Although using list.insert() in a for loop seems to be more memory efficient, in order to do it in one-line, you can also append the given value at the end of every equally divided chunks split on every nth index of the list.

>>> from itertools import chain

>>> n = 2
>>> ele = 'x'
>>> lst = [0, 1, 2, 3, 4, 5, 6, 7, 8, 9, 10]

>>> list(chain(*[lst[i:i+n] + [ele] if len(lst[i:i+n]) == n else lst[i:i+n] for i in xrange(0, len(lst), n)]))
[0, 1, 'x', 2, 3, 'x', 4, 5, 'x', 6, 7, 'x', 8, 9, 'x', 10]

Answer 10

Try this

i = n
while i < len(letters):
    letters.insert(i, 'x')
    i += (n+1)

where n is after how many elements you want to insert 'x'.

This works by initializing a variable i and setting it equal to n. You then set up a while loop that runs while i is less then the length of letters. You then insert 'x' at the index i in letters. Then you must add the value of n+1 to i.

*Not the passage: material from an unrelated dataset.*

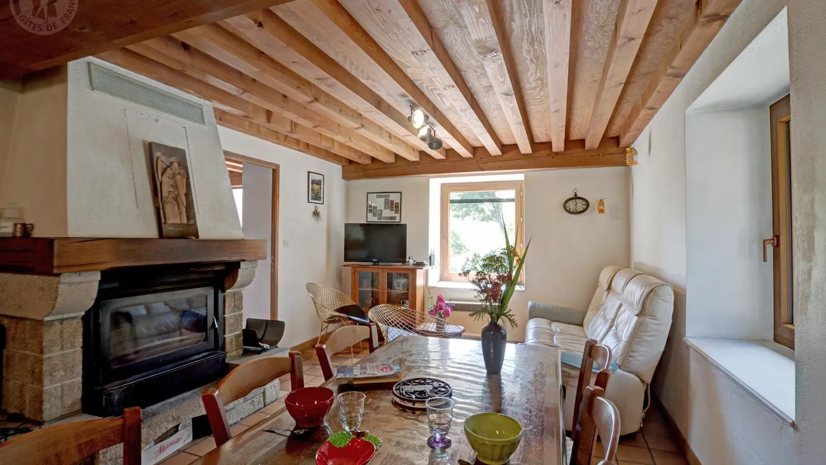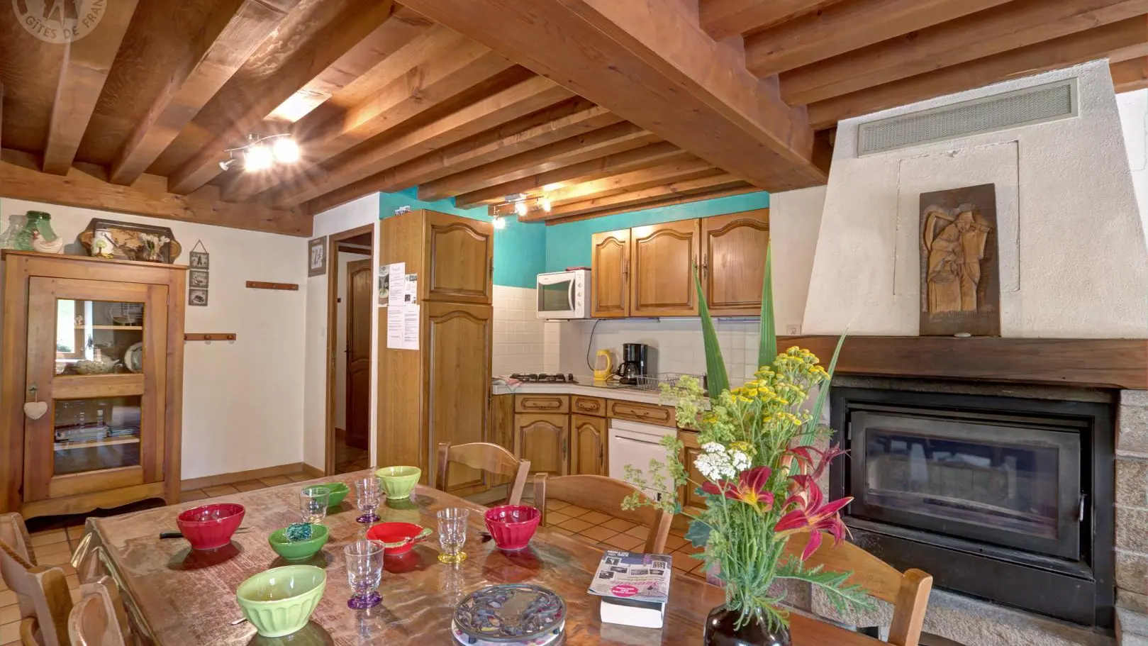 Gîte von 75 m ² Erdgeschoss ausgelöst, Wohnzimmer mit Kochnische, 3 Schlafzimmer (Kinderbetreuung auf Anfrage). Elektroheizung, Kamin mit Wärmerückgewinnung. Sackgasse vor der Hütte.
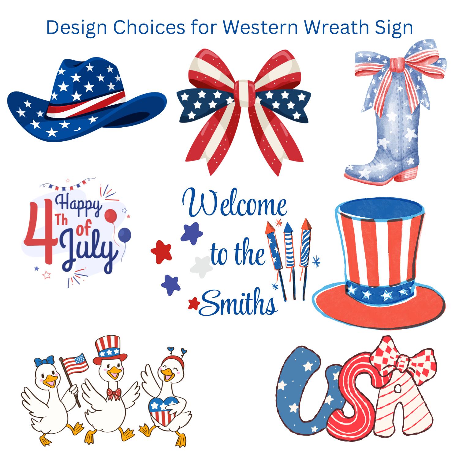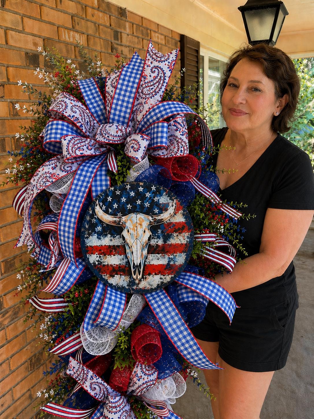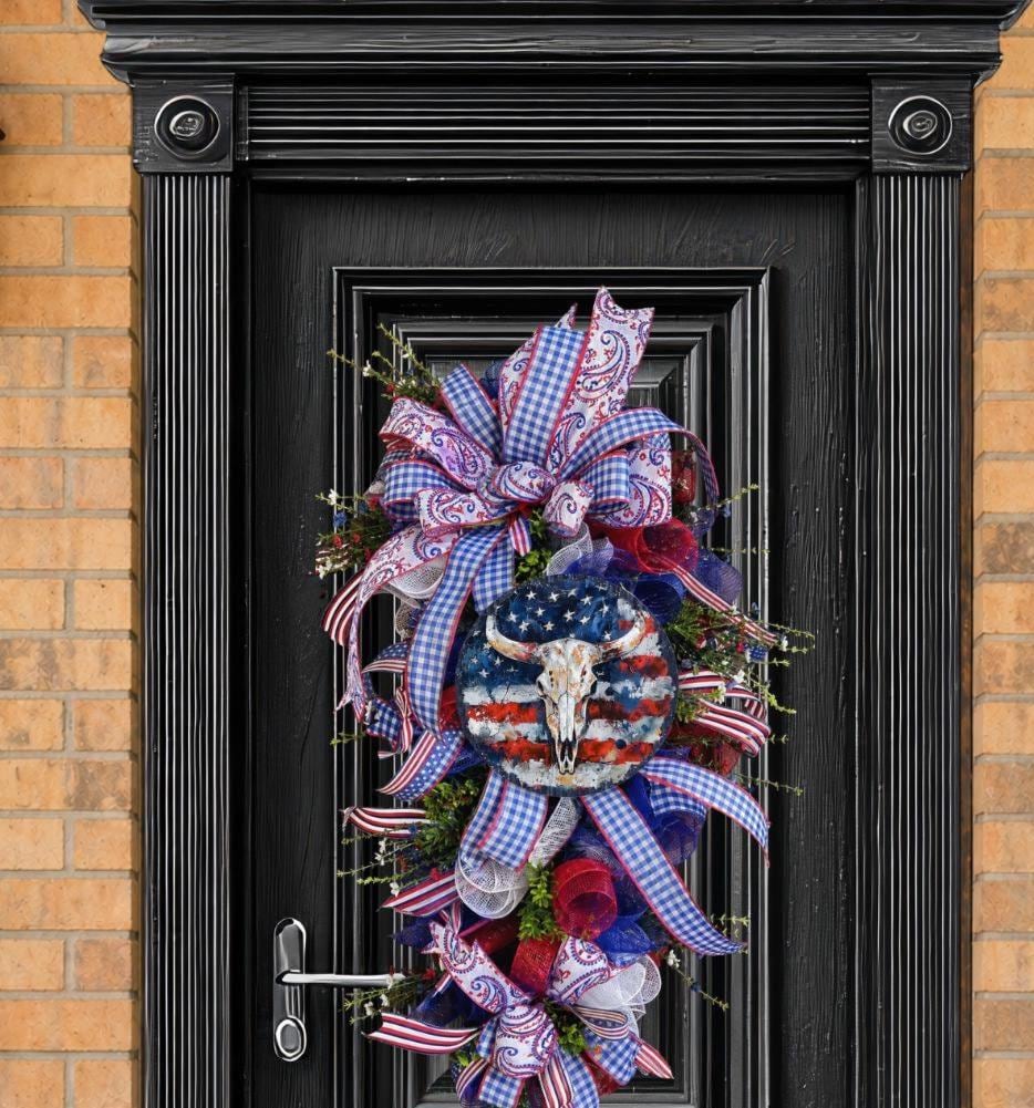 Designed with premium deco mesh and layered ribbons in striking red, white, and blue patterns—including plaid and paisley—this wreath brings texture, movement, and eye-catching dimension. The focal point in center, is an 8-inch round sign featuring a distressed longhorn skull over an American flag adds the perfect Western touch. Choose alternative style for sign or no sign on drop down.

The reason you must do n+1 instead of just n is because when you insert an element to letters, it expands the length of the list by one.

Trying this with your example where n is 3 and you want to insert 'x', it would look like this

letters = ['a','b','c','d','e','f','g','h','i','j']
i = 3
while i < len(letters):
    letters.insert(i, 'x')
    i += 4

print letters

which would print out

['a', 'b', 'c', 'x', 'd', 'e', 'f', 'x', 'g', 'h', 'i', 'x', 'j']

which is your expected result.

Answer 11

A pretty straightforward method:

>>> letters = ['a','b','c','d','e','f','g','h','i','j']
>>> new_list = []
>>> n = 3
>>> for start_index in range(0, len(letters), n):
...     new_list.extend(letters[start_index:start_index+n])
...     new_list.append('x')
... 
>>> new_list.pop()
'x'
>>> new_list
['a', 'b', 'c', 'x', 'd', 'e', 'f', 'x', 'g', 'h', 'i', 'x', 'j']

You can also use the grouper recipe from the itertools documentation for the chunking.